I ignored that last part. “Okay, okay, let’s start from the beginning. When did Larry first come to you?”
“Technically, I went to him.” She took a long sip of her beer. “About eighteen months ago I got called into my C.O.’s office at the Seven-Seven and he told me to report to One Police Plaza.”
“And Larry Mac was waiting.”
“He said he’d been keeping his eye on me since I got outta the academy. Had my personnel jacket right in front of him. I thought he was going to put the moves on me, you know? I mean, it’s not like every dick with stripes or brass buttons hadn’t used a variation of that ‘keeping my eye on you’ line since the day I got on the job. What’s that look for?” she asked, noticing the smile spreading across my face.
“Believe me, Larry loved women, but you had to understand him. He was an ambitious bastard. If he saw a way you’d be of use to him, your looks would have become beside the point. That was just who he was. And if he saw you were hungry . . . watch out! That was his talent, spotting people’s hungers.

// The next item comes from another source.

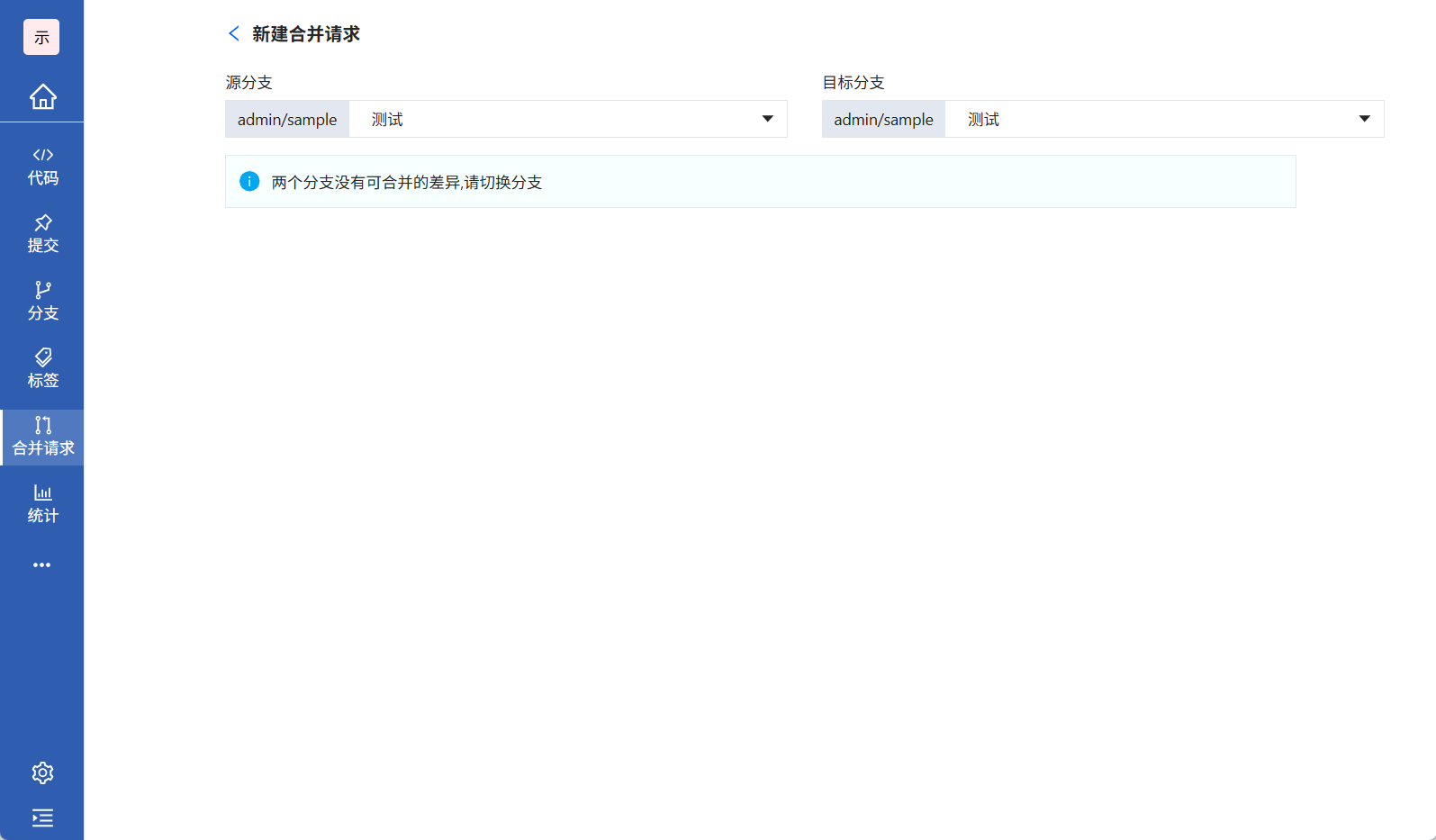 1.新建评审时两个分支没有可合并的差异则不能进行合并

So what happened?”
“So he asked me if I thought I’d make a good detective.”
“What’d you say?”
“I said no, that I’d make a great detective.”
“Let me guess. He put a small box in front of you on the table and told you to go ahead and open it up. Inside, you found the thing you were desperate for, a shield, and Larry said something like, ‘Congratulations, Detective Melendez.’” I could see by her expression I’d gotten it about right.

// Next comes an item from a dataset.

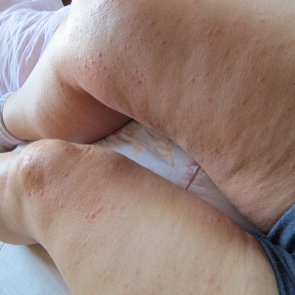 Gesunden Beine links und die oedematös-kranken-Beine des Patienten rechts in der Wohnung (wunderschönes historisches Bauernhaus, ca 200 Jahre alt), jedesmal wenn der Patient nicht in der Wohnung war, wurde es ganz langsam besser.

“He said he might have special assignments for me from time to time.”
“But not right away. No, he would want to see if you could handle the job and the abuse you were bound to take for getting the bump so early in your career.”
“That’s some spooky shit, Moe, the way you knew him. You even say the words he said.”
“It was hard-learned, what I know about Larry. We came up together. So when did he come back to you with the special assignment?”
“About six months later, when I was in the One-Eleven, he asked me to do some minor crap. He had me check up on someone, another detective. I wasn’t supposed to say anything to anybody, no matter what. Then like a week later, two guys from—”
“—I.A. showed up and wanted to speak to you about this other detective. You didn’t say a word, did you?”
“No.”
“Larry was—”
“—testing me. Yeah, I knew that. It was bullshit. After that, he didn’t call for a long time.”
“How long?”
“I got transferred to the Six-O almost eight months ago. I guess it was four or five months after that.”
“And . . .”
“And he met me at some Cuban-Chinese dive in Hell’s Kitchen. Gave me some equipment, told me how to install it.”
“Did he say why he wanted a wire in—”
“I didn’t ask. I didn’t wanna know. I’m not sure I woulda believed him anyway, no matter what he told me.”
“Clever. Believing Larry was about percentages. But what happened next?”
“Nothing. Chief McDonald and I never spoke again. Most of the time, I even forgot that the wire was there. I never even saw the chief again until . . . you know.”
“Fountain Avenue.”
“Yeah.”
“Okay, is that all of it?”
“That’s it! Tomorrow, I’ll pull the wire.”
“No you won’t. Leave it there,” I barked. “Right now it’s all we got. Maybe we can use it. Does anybody else know?”